Поезд, наконец, остановился, все вышли. За долгий путь продукты у всех постепенно кончились, оскудел и багаж: часть пошла на подкуп охранников за разрешение раздобыть воду. У Дрекслеров все еще оставались такие ценные в тех условиях вещи, как мыло, соль, спички, табак, одежда, украшения.

Поезд прибыл в полночь. Была северная белая ночь, когда солнце совсем не заходит. Беженцы разожгли костры и пытались уснуть около них, но какое там! Мешал непривычный дневной свет.

Утром их отправили пешком через густой лес. Ноги проваливались в глубокий мягкий мох, безжалостно жалили комары. Время от времени, нарушая лесную тишину, с грохотом падало сгнившее дерево, а Рахели казалось, что рушится мир. И снова тишина, слышатся лишь стоны и плач ссыльных. Над ними серое небо, вокруг тучи огромных комаров. Рахель была вся искусана, кожа нестерпимо чесалась.

Идти пришлось далеко. В конце концов они добрались до двух бараков на лесной поляне - один из многих лагпунктов, построенных на северных просторах для ссыльных. Одиноких мужчин направляли в другие лагеря. Во всех лагерях беженцев заставляли работать.

Ни заборов, ни охранников в лагере не было: бежать некуда. В бараках жили семьями. Хану с Йосефом и Рахелью поместили в один барак, а Шаю с Авой - в другой. Нары полагались на семью по числу ее членов. Мать Рахели сразу же завесила их угол одеялом, пытаясь создать подобие домашнего очага. Она так поступала во всех их скитаниях: пусть там, где они живут, будет хоть чуть-чуть похоже на домашнюю обстановку.

Уже назавтра ссыльных стали выводить в лес на работу. Йосеф воспротивился. Не станет он работать на советских!- сказал он семье и

 

- 104 -

соседям. С какой стати? Кто может его заставить? Правда, кто не работал, лишался пайка, но Дрекслеры собирали в лесу грибы, и мать варила из них супы и делала запеканки.

Однако этим недолго можно было прокормиться. Пришлось все-таки выйти на работу. Отец с сыном стали возчиками, перевозили срубленные деревья из леса к реке. Рахель, которая в советской школе прилично освоила русский, начальник лагеря назначил составлять сводки: кто вышел на работу, кто - нет, сколько кто выполнил за день, и т.п. Должность была легкая, и за нее платили. Сначала Рахель обрадовалась, но потом поняла, что, в сущности, ей поручено доносить на заключенных, и отвертелась, сославшись на недостаточно хорошее знание языка. Рахель стала думать, как помочь семье.

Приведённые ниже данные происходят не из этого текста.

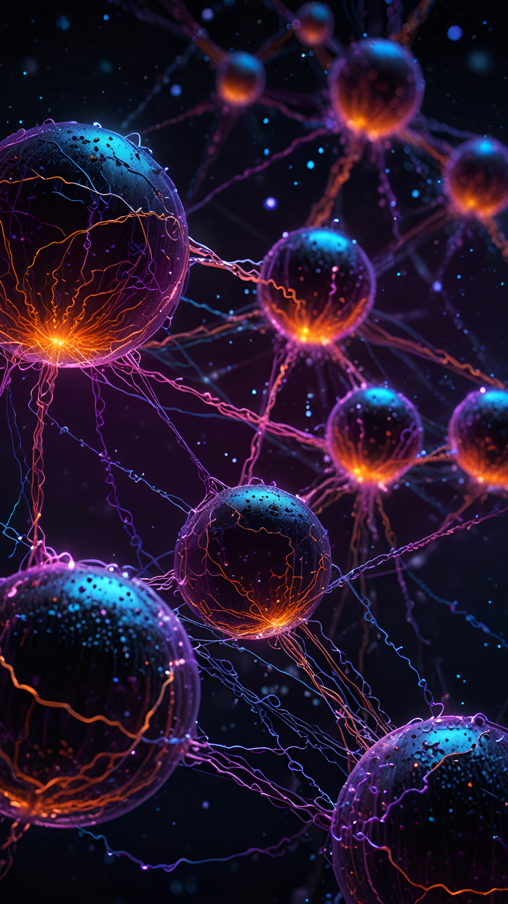 Dive into a vibrant network of interconnected spheres, glowing with orange and blue energy. This mesmerizing wallpaper evokes the complexity and beauty of artificial intelligence.

Каждый работающий получал талон; кто перевыполнял норму, получал добавочные талоны. В семье их пятеро, всем надо есть, а мама и Два не работали: мама оставалась в бараке стеречь их скудное имущество, Два болела астмой.

Однажды утром Рахель подвели к большой белой лошади и велели сесть на нее. Рахель перепугалась до слез, но отец и брат ободрили ее и помогли взобраться на это огромное, как ей казалось, животное. Она проехала восемь километров до лесоповала. Там на сани, запряженные лошадьми, грузили бревна. Одной из лошадей и должна была править Рахель. С тех пор она ежедневно с утра до вечера возила к реке бревна.

Работа возчика считалась сравнительно легкой. Рахель вошла во вкус и даже привязалась к своей лошади. Она давно уже сама взбиралась на нее и стала даже умелой наездницей. Из избалованной девочки, которая и туфли-то свои никогда сама не чистила, она превратилась в хорошего работника.

В лагере были ее сверстники, и, как свойственно молодым, они не только работали, но и собирались попеть, потанцевать. Пробовали даже учить друг друга тому, что знали. В лагере негде было учиться, и Рахель это очень огорчало.

Оценив добросовестность Рахели, ее назначили ответственной за группу ссыльных. В этой группе была молодая беременная женщина по имени Шула. Ее муж, солдат польской армии, попал в плен к советским около полугода назад, и с тех пор она ничего о нем не знала. В тесном бараке на виду у всех она родила с помощью соседок и получила отпуск, правда, только на неделю, а через неделю должна была ходить за много километров и оставаться в лесу весь день.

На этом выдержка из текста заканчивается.